**REQUIREMENT**.
When the line containing "Végétation halophile avec" appears in the data below, begin copying there and stop only after the line containing "Ce sont les".

**EXERCISE MATERIAL**.
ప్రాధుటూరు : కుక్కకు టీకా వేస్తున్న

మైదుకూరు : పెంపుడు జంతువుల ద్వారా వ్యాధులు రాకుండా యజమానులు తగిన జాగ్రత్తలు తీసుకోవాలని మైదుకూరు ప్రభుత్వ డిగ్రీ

---

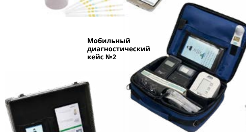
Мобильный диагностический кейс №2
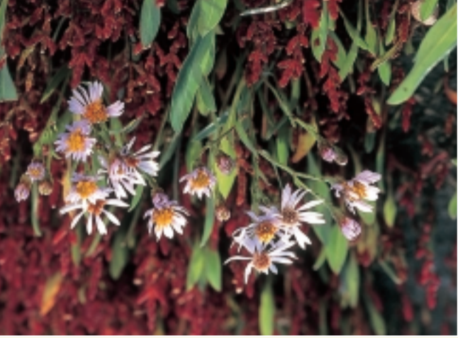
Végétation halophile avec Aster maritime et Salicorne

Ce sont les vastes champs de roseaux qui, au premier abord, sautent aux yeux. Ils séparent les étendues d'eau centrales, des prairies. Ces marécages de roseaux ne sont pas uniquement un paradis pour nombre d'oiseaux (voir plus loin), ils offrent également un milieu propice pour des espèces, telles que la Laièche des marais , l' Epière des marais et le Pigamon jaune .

**RESULT OF THE EXERCISE**.
Végétation halophile avec Aster maritime et Salicorne

Ce sont les vastes champs de roseaux qui, au premier abord, sautent aux yeux. Ils séparent les étendues d'eau centrales, des prairies. Ces marécages de roseaux ne sont pas uniquement un paradis pour nombre d'oiseaux (voir plus loin), ils offrent également un milieu propice pour des espèces, telles que la Laièche des marais , l' Epière des marais et le Pigamon jaune .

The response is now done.